According to this, the 875 series is to be ran at 3600 RPM's. But I'm not sure what series this Briggs 44S977-0026G1 is.


#19

Scrubcadet10

Scrubcadet10

blades not upside down are they?


#20

M

MParr

This link takes a little long to load. Look on page #23. Your particular engine is not listed. The reason for that is John Deere has a special model number for their Briggs supplied engines.


#21

PTmowerMech

PTmowerMech

This link takes a little long to load. Look on page #23. Your particular engine is not listed. The reason for that is John Deere has a special model number for their Briggs supplied engines.

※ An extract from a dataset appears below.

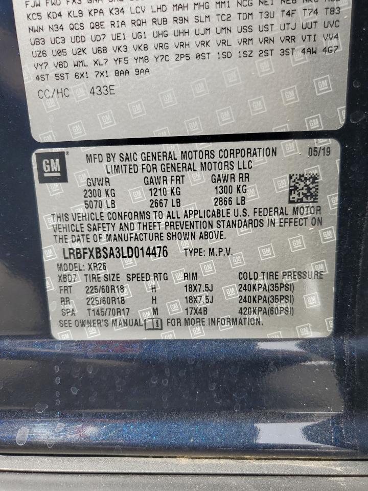 2020 BUICK ENVISION - LRBFXBSA3LD014476, цвет - Синий, 2.5, Бензин, из США

From your link: "horsepower values are derived at 3600 RPM." As a matter of fact, it states that under all the twins and some singles. So maybe 3600 ain't as bad as it sounds.


#22

Hammermechanicman

Hammermechanicman

yes, DO NOT raise the rpms to 3600. I will debate anyone who recommends this! You will blow your engine. That rpm is too fast for the oil to provide adequate lubrication on the aluminum connecting rods against a steel crankshaft, not to mention cam lobes, pushrods, and valve spring abuse from over-revving. Ask me how I know! Something about zinc, but I digress. I'm glad you decided to keep it around 3350. Good luck. I hope that fixes it for you.
I agree that you should run an engine at the recommended RPM but back in the day of stock class WKA go cart racing we took the governor gear out if 5HP briggs engines and ran them for a full season at 6000 RPM with stock everthing except the oul dipper as the stock one would break. The one thing that wore was the valve guides. When i built engines i double stacked brass guides to help that. Piston, cylinder and rod wear was not an issue at 6000RPM. The local track ran a kiddie class with 3HP engines that had a plastic lobed cam. Ran those at 6000RPM too with no issue. The 5HP engine would blow the rod around 6500 and the 3HP would blow around 7000. I doubt 3600 will cause accelerated wear.


#23

PTmowerMech

PTmowerMech

blades not upside down are they?

They're right side up. But I may have them turned backwards. Sharp edge down. But on the other side. lol


#24

M

MParr

I have no doubt that you will have the engine running as it should and the cut quality will improve, as a result.